CASPer is one of the most misunderstood tests in the healthcare admissions process. Unlike the MCAT or academic exams, there's no content to memorise and no obvious way to revise. So most applicants either don't prepare for CASPer at all, or they prepare in ways that don't actually improve their CASPer score.

Here are the most common reasons CASPer scores come back lower than expected.

You answered the question — but not the CASPer scenario

CASPer scenarios are specific. They describe a particular situation, with particular people, particular tensions, and particular stakes. But many CASPer responses treat the scenario as interchangeable — they give a generic, reasonable answer that could apply to almost any CASPer question.
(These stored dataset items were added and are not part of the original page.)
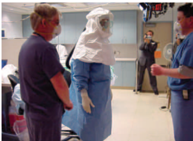
Figure 2. Healthcare worker wearing powered air-purifying respirators for demonstration.

protection against airborne diseases, even if not absolutely required for SARS, will ensure that staff are prepared to deal with future emerging infectious diseases or bioterrorism events that could involve airborne agents.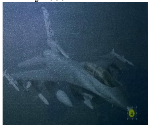
Figure 3.3.4.Persuasive Cued Click Point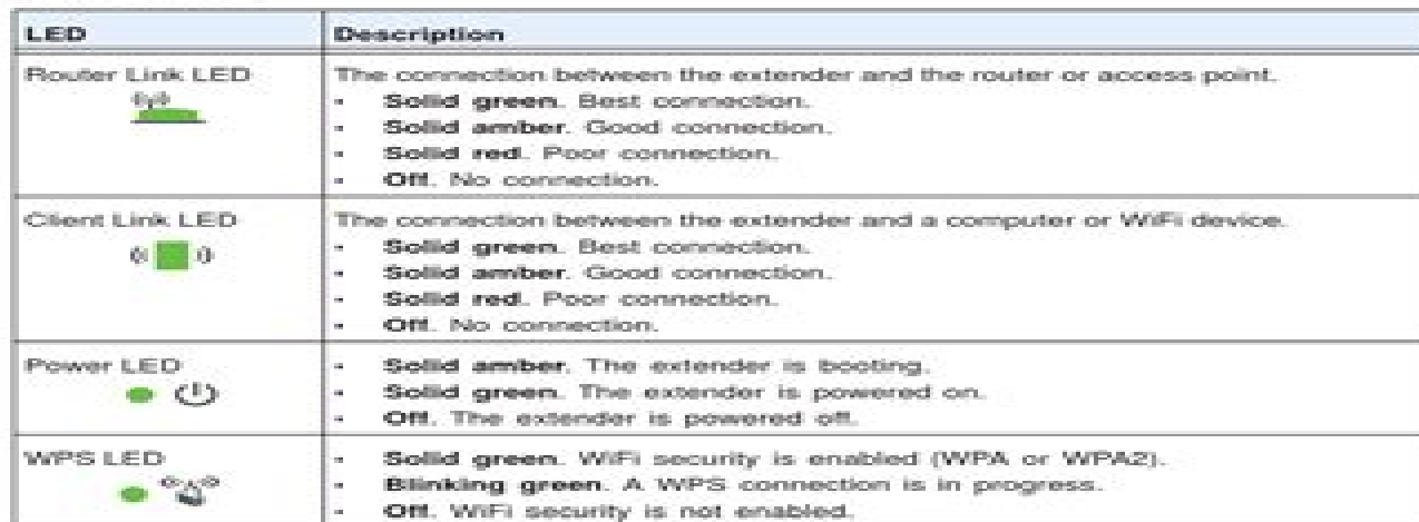
Table 1. LEDs

CASPer evaluators notice this immediately. A CASPer response that doesn't engage with the specific details of the scenario feels surface-level, regardless of how well-written it is. Strong CASPer preparation trains you to slow down, read carefully, and respond to the actual situation — not a general version of it.

You only considered one perspective

Almost every CASPer scenario involves more than one person. There's usually someone in a difficult position, someone making a decision, and often someone else affected by the outcome. When CASPer responses focus only on what the main character should do — without acknowledging how others in the CASPer scenario might be feeling or what they might need — they miss one of the core things CASPer is designed to assess.

CASPer is a situational judgement test. Judgement, in this context, includes the ability to recognise that different people in a situation have different experiences and needs. CASPer preparation should include practising perspective-taking — not just decision-making.

"A CASPer response that describes what you'd do without explaining why you'd do it is only half an answer."

You described actions but not reasoning

This is one of the most consistent patterns in lower-scoring CASPer responses. The actions described are often perfectly reasonable — speak to the person privately, escalate to a supervisor, offer support. But the CASPer response stops there, without explaining the thinking behind those actions.

CASPer is assessing your reasoning, not just your instincts. Why would you speak to the person privately? What outcome are you hoping to achieve? What values are you drawing on? A CASPer response that answers these questions alongside describing the action is significantly stronger than one that doesn't.

This is worth practising specifically in your CASPer preparation — not just what you'd do, but the why behind it.

You ran out of time

CASPer gives you a limited amount of time per question. Many students who haven't done timed CASPer practice are surprised by how quickly that time disappears — especially under the pressure of the actual CASPer test.

Running out of time mid-response means your CASPer answer appears incomplete to evaluators, regardless of how strong the beginning was. Timed CASPer practice — with a real timer — is one of the most practical things you can do to improve your CASPer performance. It trains you to structure your thinking quickly and prioritise the most important parts of your CASPer response.

You were too vague

Vague CASPer responses often feel safe — broad statements about empathy, fairness, and communication are hard to argue with. But in CASPer, vagueness reads as a lack of depth. Statements like "I would communicate clearly" or "I would make sure everyone felt heard" don't tell evaluators much about how you actually think.

Strong CASPer preparation involves practising specificity — not generic principles, but concrete reasoning applied to the specific CASPer scenario in front of you.

You prepared for the wrong thing

A lot of CASPer preparation content focuses on lists of values, ethical frameworks, and sample CASPer scenarios to memorise. These can be useful as background context, but they don't directly improve your CASPer score. CASPer is not a knowledge test. Reading about medical ethics or memorising CASPer scenario types won't change how you perform on the day.

What does improve CASPer performance is practising the skills CASPer actually tests — engaging with specific situations, considering multiple perspectives, and explaining reasoning clearly — under timed conditions, with feedback. That's what effective CASPer preparation looks like.

What to do differently

If your CASPer score was lower than you hoped, the good news is that CASPer is genuinely improvable with the right preparation. The key changes to make are:

  • Practise CASPer responses under timed conditions — not just thinking through what you'd say, but actually typing it out
  • After each CASPer practice response, ask yourself: did I engage with the specific scenario? Did I consider everyone involved? Did I explain my reasoning, not just my actions?
  • Get feedback on your CASPer responses — ideally from someone who understands how CASPer is assessed, not just someone who can tell you whether your answer sounds reasonable
  • Focus your CASPer preparation on the skills that CASPer tests, not on memorising frameworks or sample answers

CASPer rewards thoughtful, specific, well-reasoned responses. That's a skill you can develop with focused CASPer practice — and it makes a real difference to your CASPer quartile.